We implemented mongodb sharding concept for our chat module by using node + mongodb.
MongoDB Sharding Configuration
===============================
Shard1 = PRIMARY + SECONDARY + ARBITER
Shard2 = PRIMARY + SECONDARY + ARBITER
Config
Mongos
Following details we got it on today morning. But we dont know how we can resolve this issue.
Please let me know how we can resolve this issue.
“errmsg” : “rollback 2 error findcommonpoint waiting a while before trying again”

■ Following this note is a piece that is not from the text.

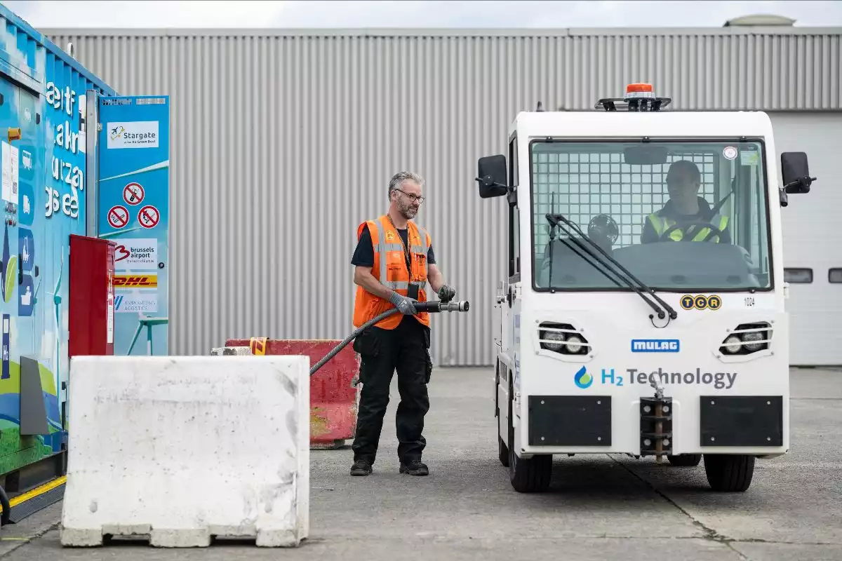 Brussels Airport et les partenaires du projet Stargate, qui s'inscrit dans le cadre du Green Deal européen, VIL et DHL testent actuellement une station de recharge d’hydrogène et un tracteur Mulag fonctionnant à l'hydrogène à Brussels Airport. Ce projet pilote d'utilisation de l'hydrogène pour la manutention au sol, une première
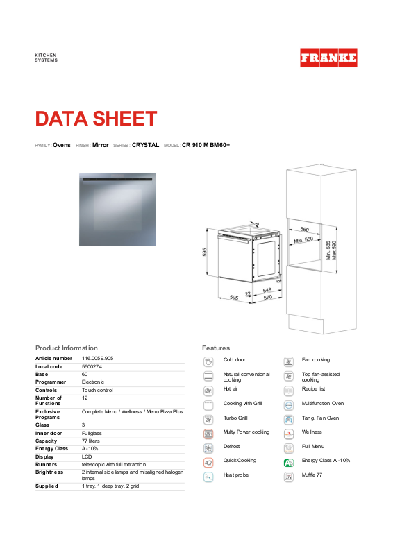 FAMILY : Ovens FINISH : Mirror SERIES : CRYSTAL MODEL : CR 910 M BM 60+

“errmsg” : “error RS102 too stale to catch up”
data2:PRIMARY> rs.status()
{
"set" : "data2",
"date" : ISODate("2012-07-27T04:30:29Z"),
"myState" : 1,
"members" : [
{
"_id" : 0,
"name" : "50.52.108.16:20001",
"health" : 1,
"state" : 9,
"stateStr" : "ROLLBACK",
"uptime" : 322,
"optime" : {
"t" : 1343361602000,
"i" : 155
},
"optimeDate" : ISODate("2012-07-27T04:00:02Z"),
"lastHeartbeat" : ISODate("2012-07-27T04:30:29Z"),
**"errmsg" : "rollback 2 error findcommonpoint waiting a while before trying again"**
},
{
"_id" : 1,
"name" : "50.52.108.17:20002",
"health" : 1,
"state" : 1,
"stateStr" : "PRIMARY",
"optime" : {
"t" : 1343363429000,
"i" : 7
},
"optimeDate" : ISODate("2012-07-27T04:30:29Z"),
"self" : true
},
{
"_id" : 2,
"name" : "50.52.108.17:20003",
"health" : 1,
"state" : 7,
"stateStr" : "ARBITER",
"uptime" : 10880311,
"optime" : {
"t" : 0,
"i" : 0
},
"optimeDate" : ISODate("1970-01-01T00:00:00Z"),
"lastHeartbeat" : ISODate("2012-07-27T04:30:28Z")
}
],
"ok" : 1
}
data1:PRIMARY> rs.status()
{
"set" : "data1",
"date" : ISODate("2012-07-27T04:30:17Z"),
"myState" : 1,
"members" : [
{
"_id" : 0,
"name" : "50.52.108.17:10001",
"health" : 1,
"state" : 3,
"stateStr" : "RECOVERING",
"uptime" : 35,
"optime" : {
"t" : 1343320338000,
"i" : 3
},
"optimeDate" : ISODate("2012-07-26T16:32:18Z"),
"lastHeartbeat" : ISODate("2012-07-27T04:30:16Z"),
"errmsg" : "error RS102 too stale to catch up"
},
{
"_id" : 1,
"name" : "50.52.108.16:10002",
"health" : 1,
"state" : 1,
"stateStr" : "PRIMARY",
"optime" : {
"t" : 1343363417000,
"i" : 30
},
"optimeDate" : ISODate("2012-07-27T04:30:17Z"),
"self" : true
},
{
"_id" : 2,
"name" : "50.52.108.16:10003",
"health" : 1,
"state" : 7,
"stateStr" : "ARBITER",
"uptime" : 10880162,
"optime" : {
"t" : 0,
"i" : 0
},
"optimeDate" : ISODate("1970-01-01T00:00:00Z"),
"lastHeartbeat" : ISODate("2012-07-27T04:30:16Z")
}
],
"ok" : 1
}
Kumaran
Looks like the secondary was down for a very long period of time and now it can’t come in sync with the primary. This sync requires the oplog to contain all the writes going to the primary during the secondary’s down-time. If the secondary has been down for too long, the records might have been rolled out of the oplog since it is a “capped” collection.You need to do a full resyc:
http://www.mongodb.org/display/DOCS/Resyncing+a+Very+Stale+Replica+Set+Member
Thereafter, consider increasing the oplog size to avoid a similar situation in future.